TASK PROMPT:
Using the entries below, copy exactly each line from the line with "Системы водо- и" up to and including the line with "The Annoyolator uses", with every picture left out.

EXCERPTED DATA:
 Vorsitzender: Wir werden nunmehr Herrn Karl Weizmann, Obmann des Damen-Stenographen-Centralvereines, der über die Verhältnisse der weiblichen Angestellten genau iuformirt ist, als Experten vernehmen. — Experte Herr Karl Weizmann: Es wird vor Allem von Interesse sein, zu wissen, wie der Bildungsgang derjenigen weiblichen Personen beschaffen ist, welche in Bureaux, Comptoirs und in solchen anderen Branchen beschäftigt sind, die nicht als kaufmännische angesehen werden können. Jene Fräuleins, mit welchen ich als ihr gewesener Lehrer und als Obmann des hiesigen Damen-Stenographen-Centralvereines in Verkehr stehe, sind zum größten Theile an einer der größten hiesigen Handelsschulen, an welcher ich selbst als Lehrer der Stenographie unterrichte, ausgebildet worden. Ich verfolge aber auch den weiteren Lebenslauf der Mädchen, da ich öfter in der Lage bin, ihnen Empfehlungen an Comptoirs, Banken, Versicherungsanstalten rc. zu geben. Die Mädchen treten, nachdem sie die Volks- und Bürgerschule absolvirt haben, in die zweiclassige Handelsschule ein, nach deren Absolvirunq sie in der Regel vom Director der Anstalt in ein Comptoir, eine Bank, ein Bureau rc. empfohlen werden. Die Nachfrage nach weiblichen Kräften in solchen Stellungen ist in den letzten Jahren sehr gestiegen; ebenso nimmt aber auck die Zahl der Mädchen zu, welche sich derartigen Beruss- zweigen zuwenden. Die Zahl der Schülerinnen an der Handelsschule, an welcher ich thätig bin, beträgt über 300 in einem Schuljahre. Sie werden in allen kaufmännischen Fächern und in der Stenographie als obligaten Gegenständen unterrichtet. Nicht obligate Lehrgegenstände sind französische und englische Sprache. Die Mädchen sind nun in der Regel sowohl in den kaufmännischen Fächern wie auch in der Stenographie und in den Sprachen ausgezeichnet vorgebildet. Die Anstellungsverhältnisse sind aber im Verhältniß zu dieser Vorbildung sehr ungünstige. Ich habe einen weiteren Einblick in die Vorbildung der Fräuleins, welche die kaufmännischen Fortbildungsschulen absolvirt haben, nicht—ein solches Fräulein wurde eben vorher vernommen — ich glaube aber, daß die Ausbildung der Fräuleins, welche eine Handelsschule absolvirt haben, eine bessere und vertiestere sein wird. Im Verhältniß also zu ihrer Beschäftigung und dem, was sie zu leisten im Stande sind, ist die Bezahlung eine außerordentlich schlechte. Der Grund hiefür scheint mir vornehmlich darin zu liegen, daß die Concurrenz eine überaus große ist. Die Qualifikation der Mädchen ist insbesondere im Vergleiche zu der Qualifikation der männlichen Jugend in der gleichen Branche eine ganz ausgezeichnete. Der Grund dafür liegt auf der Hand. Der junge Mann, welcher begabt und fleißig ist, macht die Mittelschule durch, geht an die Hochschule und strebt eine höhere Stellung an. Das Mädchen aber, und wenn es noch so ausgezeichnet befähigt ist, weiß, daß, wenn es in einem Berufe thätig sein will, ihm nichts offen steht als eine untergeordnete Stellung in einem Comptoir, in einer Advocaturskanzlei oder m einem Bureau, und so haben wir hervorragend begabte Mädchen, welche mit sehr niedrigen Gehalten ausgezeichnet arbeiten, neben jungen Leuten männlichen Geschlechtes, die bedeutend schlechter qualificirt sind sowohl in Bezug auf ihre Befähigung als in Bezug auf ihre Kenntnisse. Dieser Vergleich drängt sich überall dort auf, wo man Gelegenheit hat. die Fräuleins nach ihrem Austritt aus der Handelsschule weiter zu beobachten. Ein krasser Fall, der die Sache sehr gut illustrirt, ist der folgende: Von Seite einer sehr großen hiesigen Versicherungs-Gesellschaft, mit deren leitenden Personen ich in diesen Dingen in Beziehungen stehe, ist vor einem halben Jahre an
--
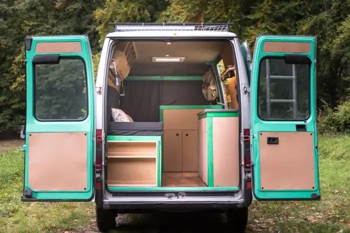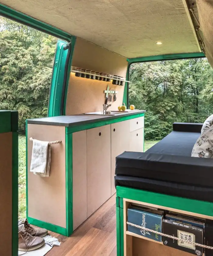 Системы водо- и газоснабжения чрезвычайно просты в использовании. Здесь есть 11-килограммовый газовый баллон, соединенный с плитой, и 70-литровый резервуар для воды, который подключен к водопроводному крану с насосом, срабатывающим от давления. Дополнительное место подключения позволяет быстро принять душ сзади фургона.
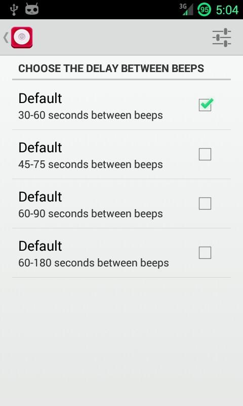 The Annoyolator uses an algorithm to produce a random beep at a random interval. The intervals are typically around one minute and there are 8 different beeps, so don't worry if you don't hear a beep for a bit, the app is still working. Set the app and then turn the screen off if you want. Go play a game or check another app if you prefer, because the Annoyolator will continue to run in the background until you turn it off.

WORKED SOLUTION:
 Системы водо- и газоснабжения чрезвычайно просты в использовании. Здесь есть 11-килограммовый газовый баллон, соединенный с плитой, и 70-литровый резервуар для воды, который подключен к водопроводному крану с насосом, срабатывающим от давления. Дополнительное место подключения позволяет быстро принять душ сзади фургона.
 The Annoyolator uses an algorithm to produce a random beep at a random interval. The intervals are typically around one minute and there are 8 different beeps, so don't worry if you don't hear a beep for a bit, the app is still working. Set the app and then turn the screen off if you want. Go play a game or check another app if you prefer, because the Annoyolator will continue to run in the background until you turn it off.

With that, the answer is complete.